Some Georgia CEOs have taken large pay cuts in the past week, but their compensation is still lucrative by most standards. Use our exclusive calculator at www.MyAJC.com/business to find out how long you’d have to work at your current salary to earn what Georgia’s top CEOs make in one year.

NCR Corp. Chief Executive Bill Nuti got a 14 percent pay raise last year, to nearly $11.2 million, rebounding from a pay cut he took the previous year.

Last year, the Duluth-based company’s profits fell almost 8 percent, to $443 million. NCR makes electronic payments equipment such as ATMs, fuel pump credit card readers and other devices. Its 2013 revenues rose 6.9 percent, to $6.1 billion.
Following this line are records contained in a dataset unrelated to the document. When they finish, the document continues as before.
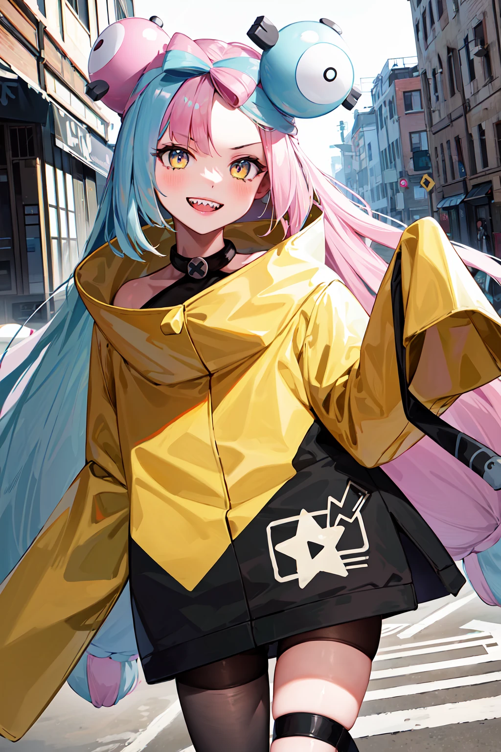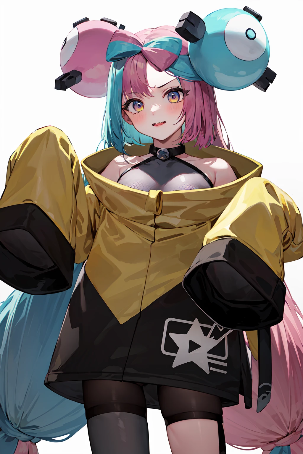 iono1, long hair, yellow jacket, long sleeves, hair ornament
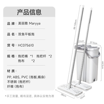 美丽雅带桶平板拖把38cm2大拖把2布家用一拖净免手洗刮水一体三合一拖布
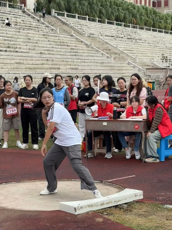 铅球运动员眼神专注,在准备投掷的那一刻,将全身的力量都集中在手臂和腰部,宛如一座即将喷发的火山。兰田玉同学在女子铅球赛中勇创佳绩。
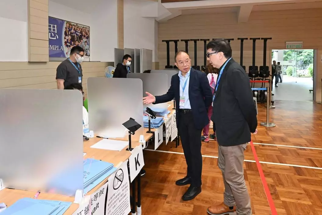 政制及內地事務局局長曾國衞(中)巡視票站。政制及內地事務局FB圖片

In 2013, Nuti was paid a $1 million salary, $4.9 million in bonuses and $5 million in stock awards, although the value of part of the compensation depends on NCR’s later financial and stock performance, the company said in a proxy filing this week.

Nuti also got $210,004 worth of perks, including use of a company jet and a car and driver in New York.
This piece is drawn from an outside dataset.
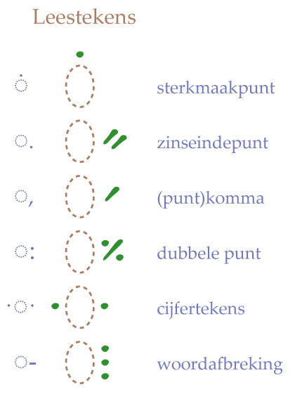 Zoals vaker heb ik wat leestekens betreft enigszins achterlopende inspiratie. Voorlopig heb ik het volgende setje (zie verderop over de cijfertekens en sterkmaakpunt):
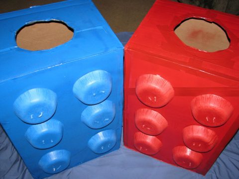• Costume robot realizzato con due scatole, una grande per il corpo e una più piccola per la testa, e un po’ di tubo flessibile

Not included in those totals are $13.9 million in stock gains Nuti got last year from company stock. He got the stock when he cashed in some earlier stock option awards and took ownership of other shares through previous stock awards that vested.Those awards were part of Nuti’s compensation in earlier years.

In 2012, Nuti’s compensation dropped 16 percent to $9.8 million after critics challenged NCR’s efforts to give “ad hoc” awards in 2011 to restore compensation that executives forfeited when they missed profit targets.

In its filing, NCR said the company missed some profit targets and exceeded others last year, but there were no ad hoc awards in executives’ 2013 pay.